今冬初の真冬日となった15日。栄村青倉の集落内道路は車の輪だちが残るほか真っ白。高橋てふさん(82)が暮らす公営の震災復興住宅は、その道路から10bほど中に入る。「夏場はいいが、この道つけがちょっと大変なんです」。この日も、朝と昼、スコップで除雪しながら道つけ。
昨年11月26日から完成したばかりの住宅に暮らす。「本当に皆さんの世話になっています。おかげさまで、やっと落ち着いたかな、という感じです」。
震災から3度目の冬を向えてえる。
3・11、東日本大震災。その13時間後の翌12日午前3時59分に発生した「長野新潟県境地震」。震度6強の激震の直撃を受け、高橋さんの高床式3階住宅は「大規模半壊」の被害を受けた。
前日の東北の津波被害を見て、同じ集落に暮らす長男夫婦の娘が様子を見に来て、泊まってくれた。その夜だった。
「最初、何が起きたか分からなかった。孫娘の『地震だよー』と声で分かったが、部屋の壁がみんな落ちて、そのホコリでよく見えなかったが、じいちゃん(夫)と一緒にとにかく外に出た」。何度かの強い余震のなか、夜着のまま隣の同年代と抱き合いながら幹線道路に出て、車に乗り合って村役場へ行った。

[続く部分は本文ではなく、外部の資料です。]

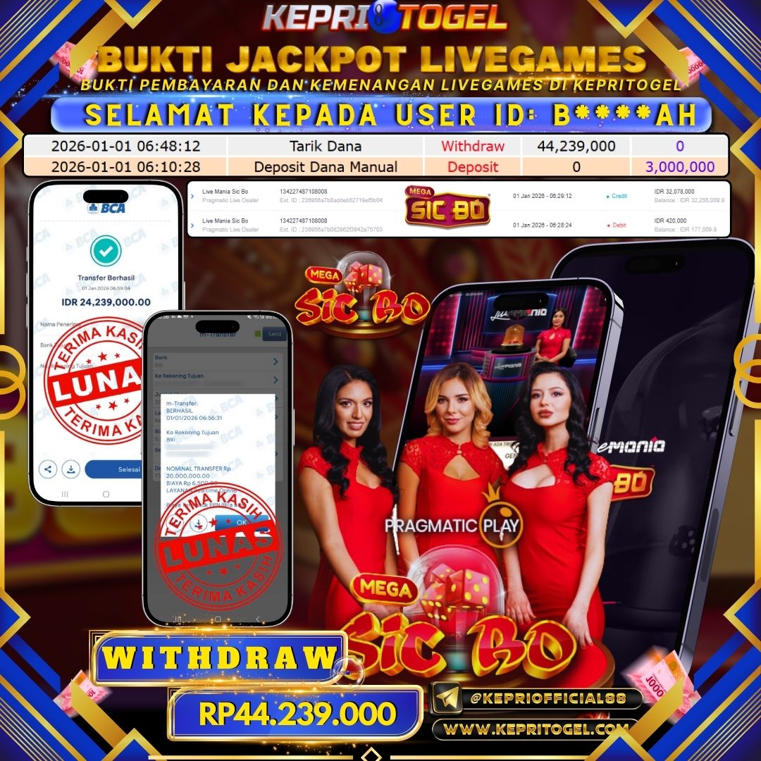 Selamat kepada UserId B****AH telah berhasil mendapatkan kemenangan jackpot pada permainan Live Game Mega Sic bo Kepritogel sebesar Rp44,239,000,- . Kepritogel situs terpercaya sejak dulu hingga saat ini , Untuk kemenangan berapapun pasti akan kami bayarkan . Jangan ragu bermain di Kepri Togel . Kami pihak Kepritogel Menyampaikan terima kasih kepada seluruh member Kepri Togel yang telah Percaya dan setia Bersama kami bermain di Kepritogel hingga saat ini.

震災を知った長野市の次男がすぐに来た。てふさん夫婦は長野へ。40日間余り次男方に留まり、被災の自宅片付けのために、同じ青倉ながら被害が少なかった長男の家へ。
「心労が重なったんだろうか」。同い年の夫・幸太郎さんは、栄村に戻り5日目、脳内出血で倒れた。救急搬送、半身不随の後遺症が残った。
「この状態では、とても仮設住宅には入れないので、高床式の長男の1階車庫を改造し、そこを住まいにしたんです」。車イス生活になった夫を支え、地震の後片付けなどに取り組むが、今度は自分の膝の具合が悪くなった。震災の翌年春、膝の手術。震災住宅が完成後、夫は福祉施設に入り、住宅に独り暮らし。 「もう元気に動けなくなったな。それでも夏は前の家跡の畑で野菜作りをしているんだよ」。長男家族は3日に一度は顔を出す。隣人や百bほど離れた別の震災住宅の仲間とお茶飲みが日課だ。
「これから3月までは、お茶飲みが仕事だね」。自作の野菜での漬物が炬燵の上に並ぶ。「やっと年賀状を書き終えたんだよ」。55枚の住所を手書きし、「ひと言、添えるんですよ。書くのは好きなんでね」。村保健師が年3回ほど開く「にこにこ教室」や地元の人たちが企画するお楽しみ会、長野市や飯山市のボランティアグループの交流会の集いなど、「いろいろな行事を計画してくれています。25日にはクリスマス交流会もあるんだよ」。
ようやく落ち着いたという高橋さん。青倉にある震災住宅10世帯ありうち9世帯が独り暮らし。「冬が一番心配だね。外に出る機会が少なくなるし、雪ばかり見ていても仕方ないからね」。
震災前まで、バイクで駆け回っていたが、震災後、バイクは手放した。「地震でいろいろあったが、こうして暮らせていることは、ありがたいことなんですよ」。3度目の冬。正月に孫や曾孫の顔を見るのを楽しみにしている。